Once in a thousand years such a secret is revealed to someone like the singer-swordsmith.  But no one yet has been able to take in the truth that we are two selves, this one and one more real that lives in the valley, for which we yearn in song.  That we are that being as well as this familiar one.

That the two valleys are one living being cannot be said in any language.  That we are already the perfect ones cannot be spoken.

— from Central Asian Sufis and the Nature of the Heart, by Coleman Barks

7 November 2007

We are what we read

“There are few more powerful mirrors of the human brain’s astonishing ability to rearrange itself to learn a new intellectual function than the act of reading. Underlying the brain’s ability to learn reading lies its protean capacity to make new connections among structures and circuits originally devoted to other more basic brain processes that have enjoyed a longer existence in human evolution, such as vision and spoken language. We now know that groups of neurons create new connections and pathways among themselves every time we acquire a new skill. Computer scientists use the term ‘open architecture’ to describe a system that is versatile enough to change—or rearrange—to accommodate the varying demands on it. Within the constraints of our genetic legacy, our brain presents a beautiful example of open architecture. Thanks to this design, we come into the world programmed with the capacity to change what is given to us by nature, so that we can go beyond it. We are, it would seem from the start, genetically poised for breakthroughs.”

— from Proust and the Squid, by Maryanne Wolf

6 November 2007

i am a little church(no great cathedral)
far from the splendor and squalor of hurrying cities
—i do not worry if briefer days grow briefest,
i am not sorry when sun and rain make april

my life is the life of the reaper and the sower;
my prayers are prayers of earth’s own clumsily striving
(finding and losing and laughing and crying)children
whose any sadness or joy is my grief or my gladness

around me surges a miracle of unceasing
birth and glory and death and resurrection:
over my sleeping self float flaming symbols
of hope,and i wake to a perfect patience of mountains

i am a little church(far from the frantic
world with its rapture and anguish)at peace with nature
—i do not worry if longer nights grow longest;
i am not sorry when silence becomes singing

winter by spring,i lift my diminutive spire to
merciful Him Whose only now is forever:
standing erect in the deathless truth of His presence
(welcoming humbly His light and proudly His darkness)

~ e.e.cummings

5 November 2007

Eugene Debs, born this day in 1855, was a labor leader before labor organizing was sanctioned, at a time when striking against an employer could (and did) get him a jail sentence. 

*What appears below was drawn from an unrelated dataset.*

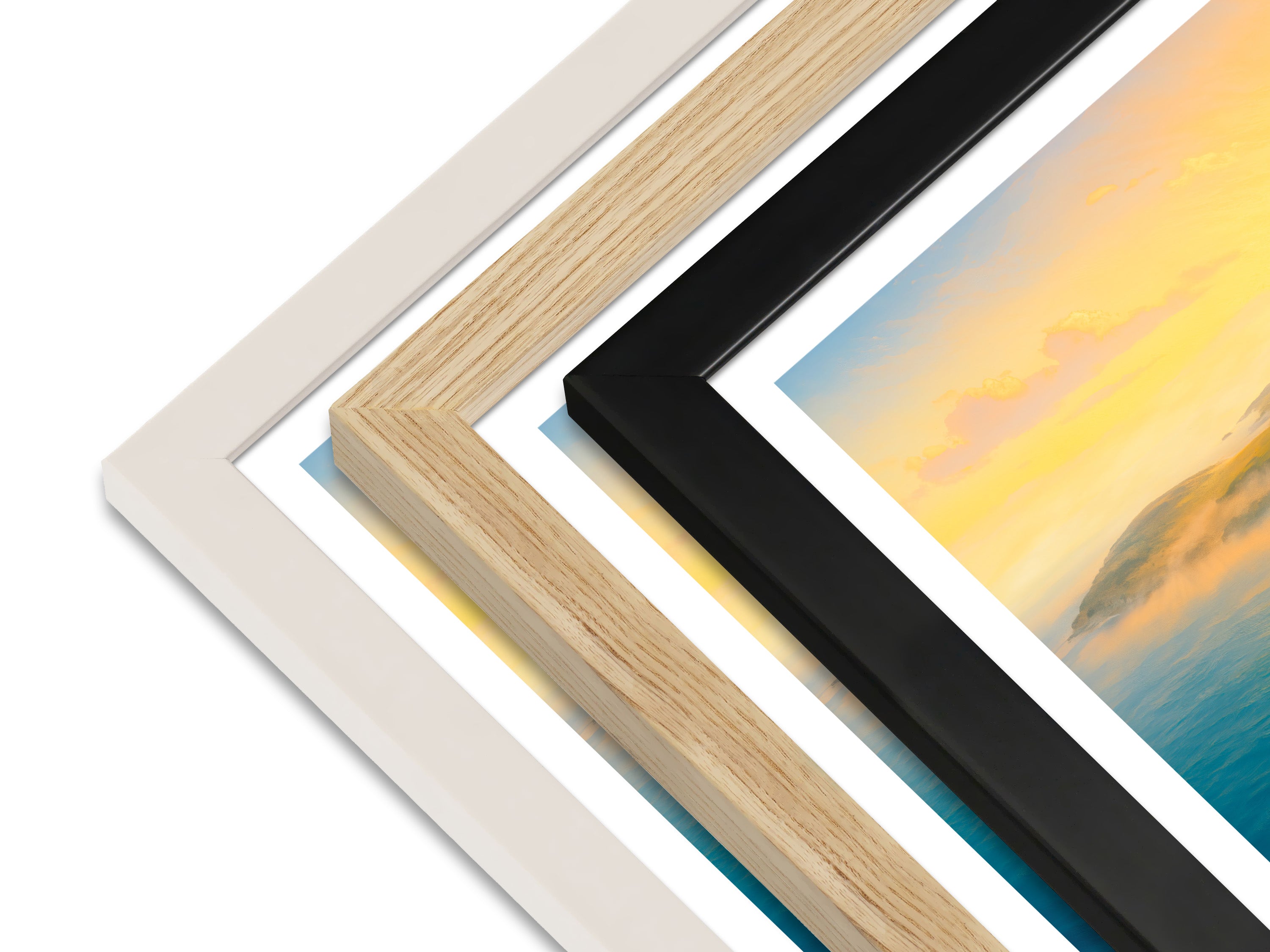 Framed prints arrive ready to hang in your choice of black, white, or natural, using sustainably sourced wood.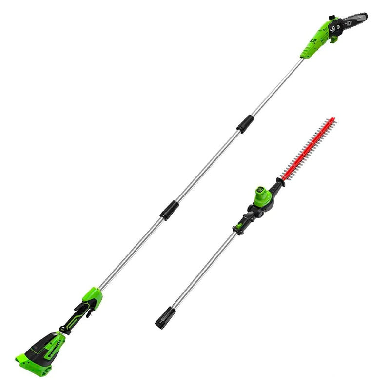 Высоторез-Кусторез аккумуляторный Greenworks Арт. 1303907, 2 в 1, 40V, без АКБ и ЗУ. — отличный инструмент для ухода за вашим садом. Имеет две сменные насадки, которые крепятся к штанге устройства.

June 16, 1918—Debs made his famous anti-war speech in Canton, Ohio, protesting World War I which was raging in Europe. For this speech he was arrested and convicted in federal court in Cleveland, Ohio under the war-time espionage law. He was his own attorney and his appeal to the jury and his statement to the court before sentencing, are regarded as two of the great classic statements ever made in a court of law. He was sentenced to serve 10 years in prison and disenfranchised for life, losing his citizenship.

1920—For the fifth and last time, while a prisoner at Atlanta, he was nominated to run for president on the Socialist party ticket. Conducting his campaign from inside the prison, he was given nearly a million votes but was defeated by the Republican, Warren G. Harding. On Christmas Day, 1921 President Harding released Debs from prison, commuting his sentence to time served.

Debs made his best-remembered statement at his sentencing hearing:

“Your Honor, years ago I recognized my kinship with all living beings, and I made up my mind that I was not one bit better than the meanest on earth. I said then, and I say now, that while there is a lower class, I am in it, and while there is a criminal element I am of it, and while there is a soul in prison, I am not free.”